The feudal system should have long ago been scrapped but it reveals that the words ‘United Kingdom’ are more than just historical baggage: they are the truth (and goes some way to explain why we can never define which is the nation and which is the country – Scotland, England or the United Kingdom). If we Scots have to continue enduring the tumorous yoke of monarchy, let us tear back the curtains of deceit and show our prison for what it is.

And herein lies another advantage to the current Scottish Government: why is our elected First Minister curtsying to someone chosen by privilege of birth? Why is an Ayrshire lass still bowing in the twentieth-first century to someone whose claim to monarchical authority rests on her predecessor’s historical abuses of land and people epitomised by the ‘Commissions of Justiciary’?

By choosing an elected Head of State, there could no longer be a ‘United Kingdom’ and immediately all the functionaries of the monarch would be removed from our parliament. Access revoked to all procedures, legislation, payroll, pensions, systems, ministers, committees and duties in line with the stated aims of all Scottish parties seeking to pass legislation reforming land ownership and lobbying, and improving our land in line with a Green New Deal economy. Also removed would be the practice of King-in-Council which currently gives ministers in London’s Tory government the ability to overrule the laws of all devolved nations that they don’t like with procedures alien to our own legal traditions: statutory instruments, an abusive power last wielded by England’s Tudor kings.

In short, it would be the beginning of real government in Scotland, chosen by us.

We cannot be a nation free to decide our own affairs again while we are ruled as a colony within a kingdom, especially while an unelected Head of State and their appointed minions act so continuously against the wishes of Scotland’s people, now and in the future. It is time to have an end to the monarchy and the peaceful birth of a constitutional democracy and to finally, reward the boasted notorious ‘purr of pleasure’ with our utmost contempt.

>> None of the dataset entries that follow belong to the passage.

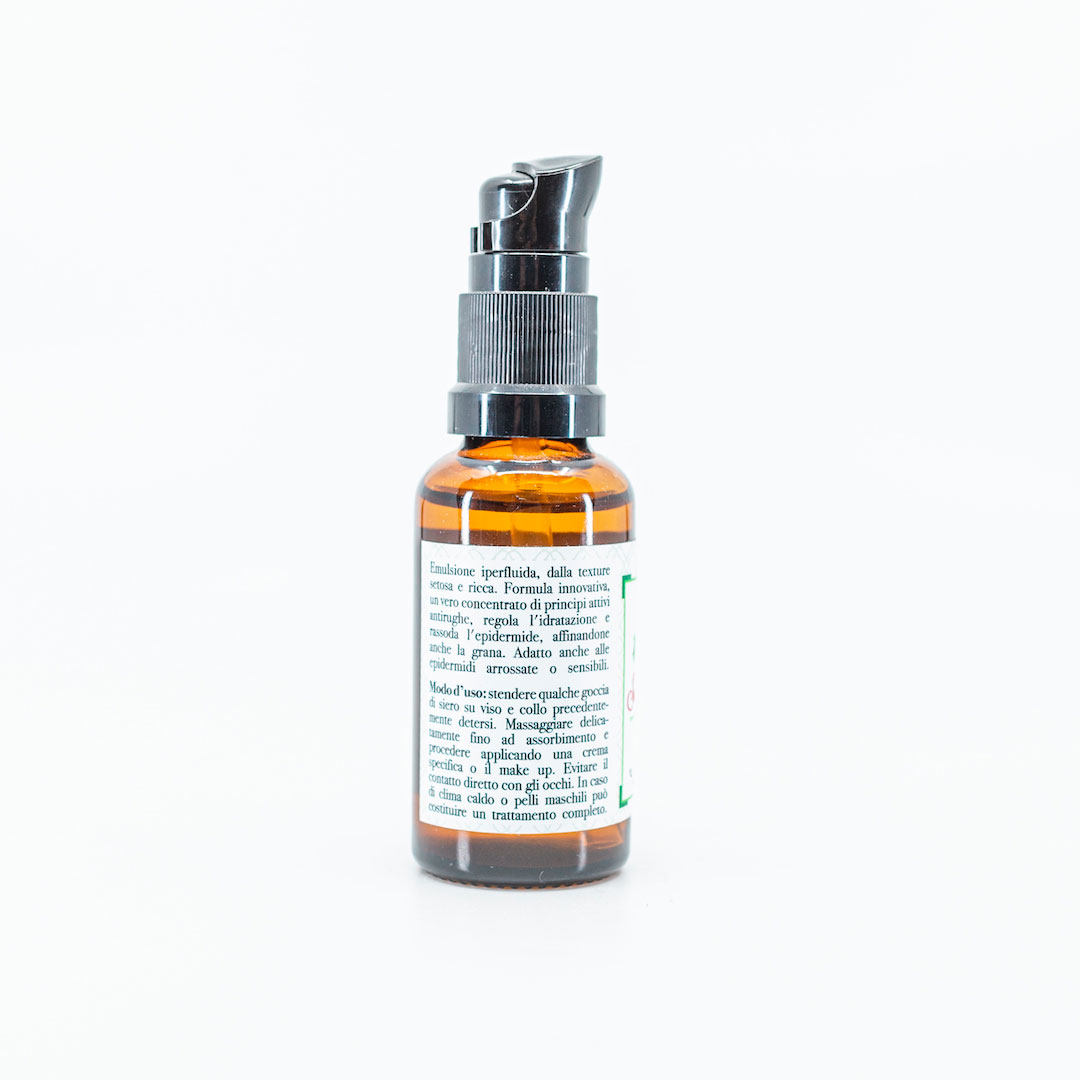 Modo d'uso: stendere qualche goccia di siero su viso e collo precedentemente detersi. Massaggiare delicatamente fino ad assorbimento e procedere applicando una crema specifica o il make up. Evitare il contatto diretto con gli occhi. Procedere con l’applicazione della crema consigliata. In caso di clima caldo o pelli maschili può costituire un trattamento completo
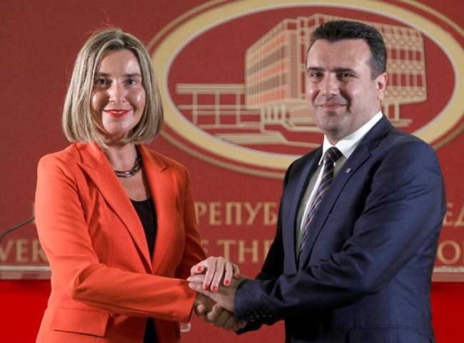 SKOPJE, Macedonia – The European Union’s foreign policy chief says she believes Greece and Macedonia can overcome a long-standing name dispute by late June, clearing the way for the Balkan nation to start accession talks.
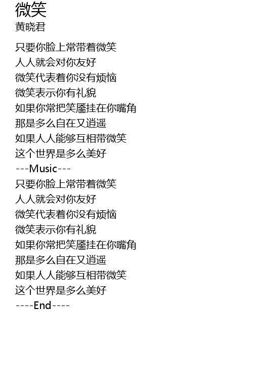 | [00:38.25] | 如果人人能够互相带微笑 |
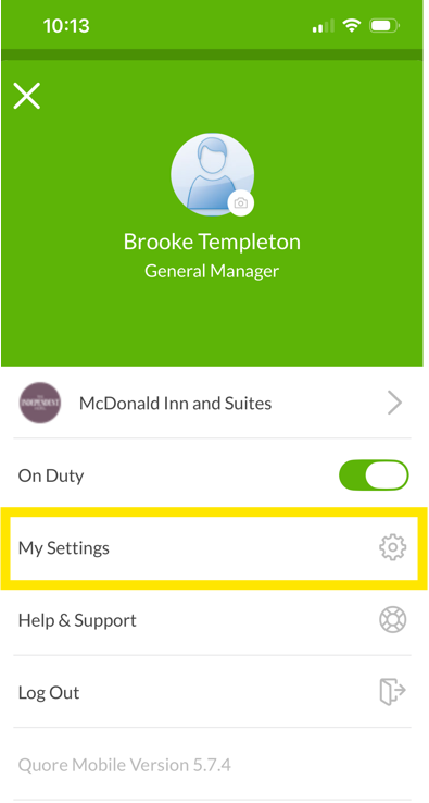 1. Log in to the Quore mobile app. Select the User Avatar in the bottom-left corner of your screen.
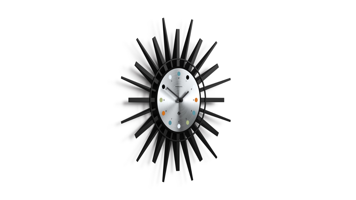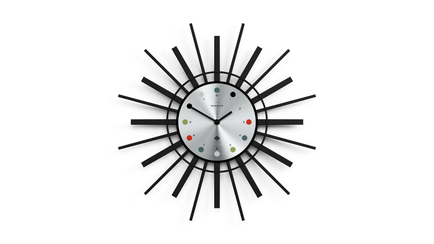 Add more style to your space with the Newgate "Stingray" Wall Clock! This nifty decor boasts striking black sunrays and spun aluminium dial, capturing anyone’s attention from every angle. It also highlights a "silent sweep" movement, providing continuous, fluid motion of the hands—all while creating an ambience of calm sophistication without the audible ticking.
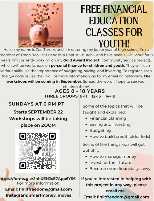 FINANCIAL EDUCATION CLASS FOR YOUTH PRESENTED BY ONE OF OUR YOUTH:
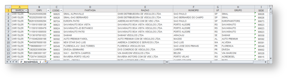Chrysler/Jeep: Fábrica > Chrysler > Peças > PRIM > Importação Planilha Concessionárias
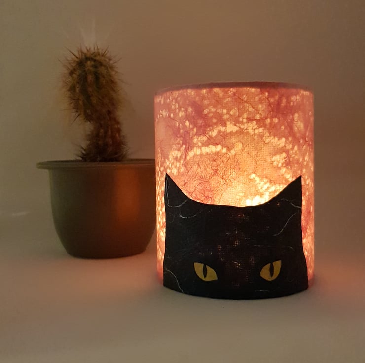 This lantern is a cat lover's dream! The black cat head is hand cut from silk paper, and has been given a pair of fabulous yellow-green eyes. The background is a dappled pink colour with pink threads running through, and it comes complete with an LED candle that flickers gently with a warm cosy glow. It's the perfect way to help make a house a home.
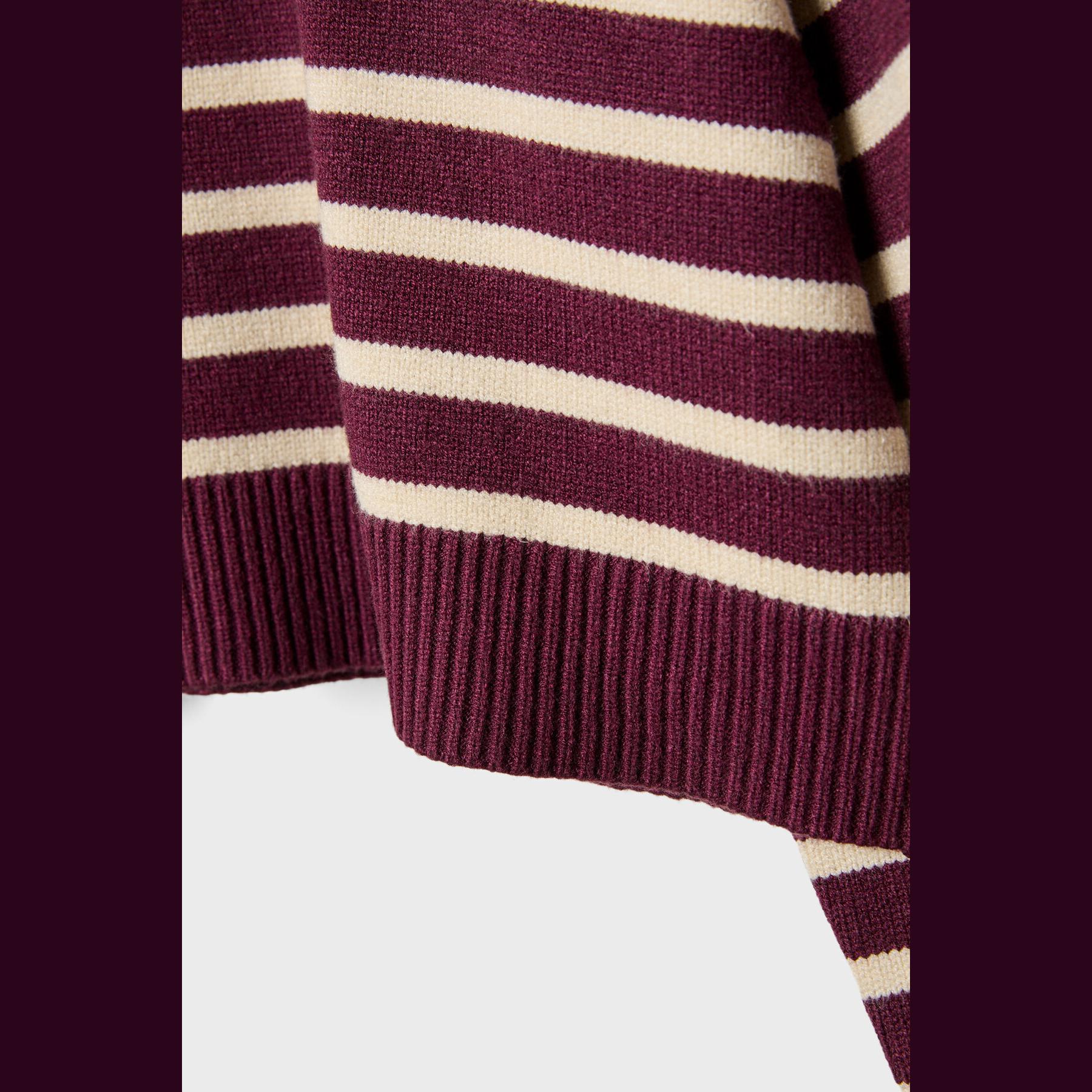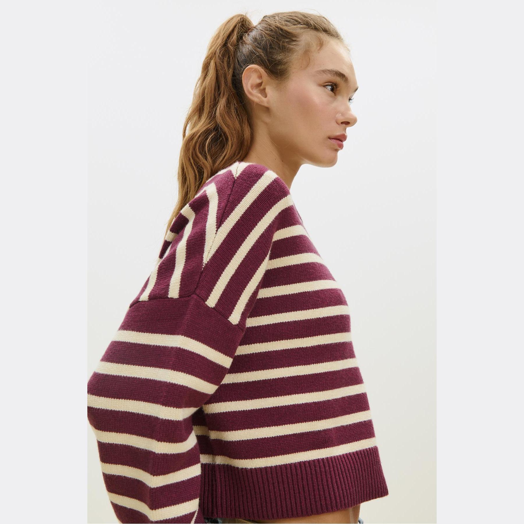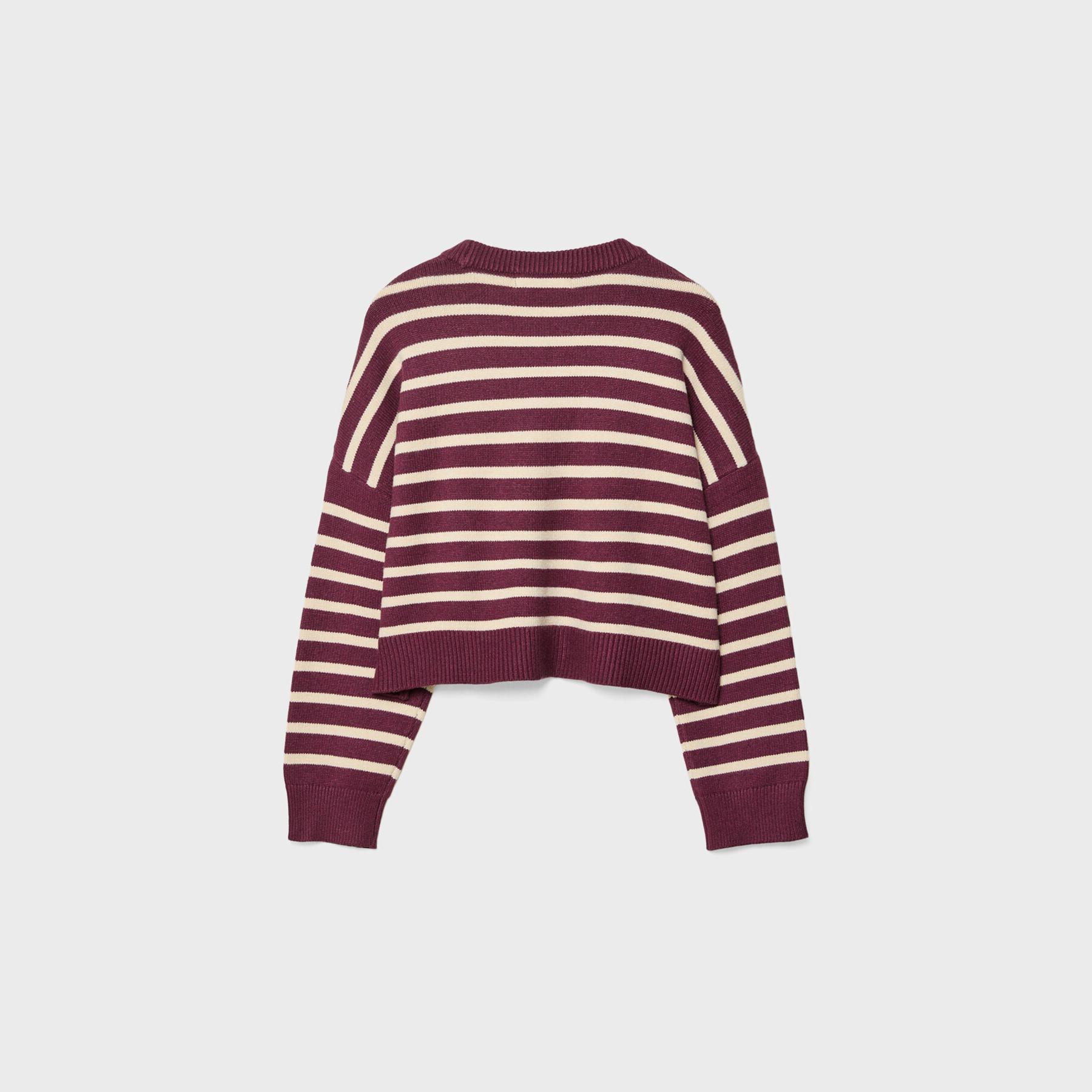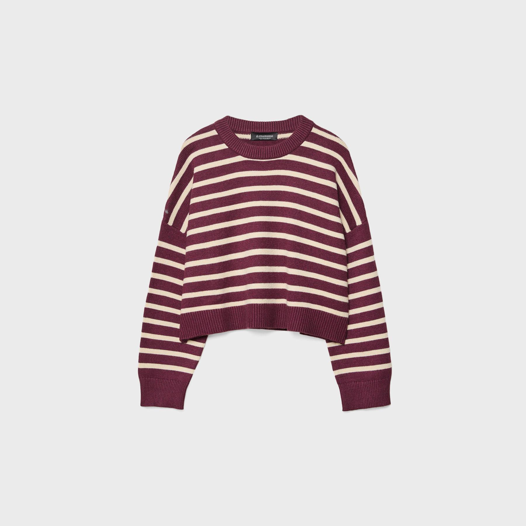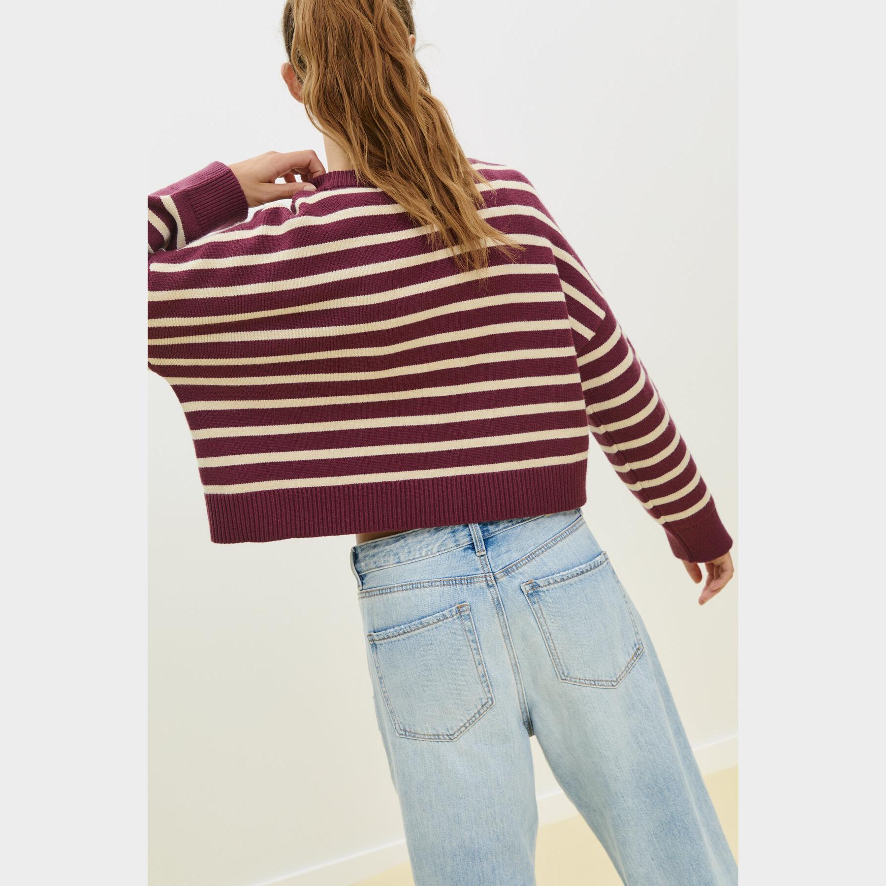 كنزة تريكو قصيرة بنقشة مخططة وياقة مستديرة – بنفسجي من Stradivarius
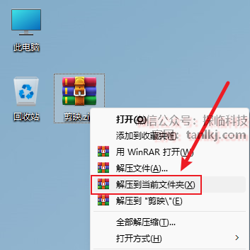 解压下载后的软件包。右键软件包,点击【解压到当前文件夹】(win11系统需先点击【显示更多选项】)。 (未安装解压软件可以点击此处查看:如何安装解压软件?)
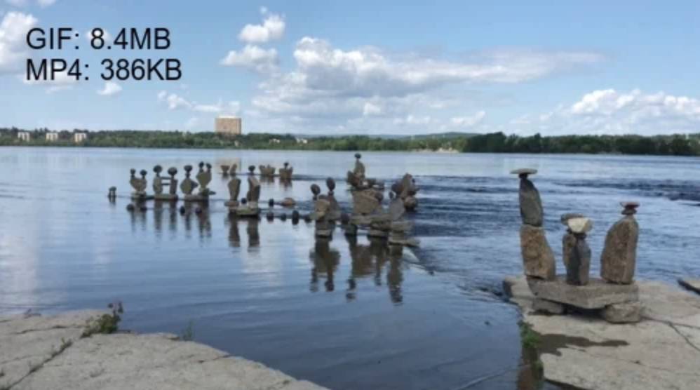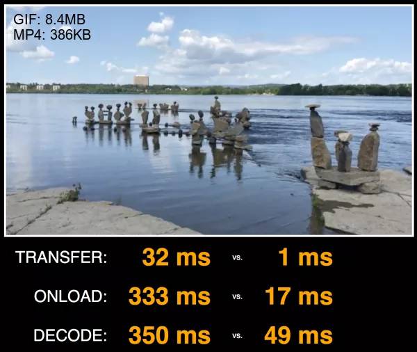 初步测试结果显示, <img> 标签中的 MP4 比同等条件下的 GIF 播放快 20 倍、解码快 7 倍——而文件尺寸仅为 1/14 !

One final thought, especially in light of recent news of the Duchess of Balmoral. Assume that we simply run out of time and there is no momentum toward a referendum on the succession in Scotland. Assume also that MSPs go along with the proposed 10-day succession and at the next parliamentary session at Holyrood are expected to renew their oath to the monarchy then all Scots would immediately be able to see which MSPs are pro-independence and which are truly revealed for what they have always been.

No MSP bending the knee should be re-elected to our parliament or any elected chamber ever again.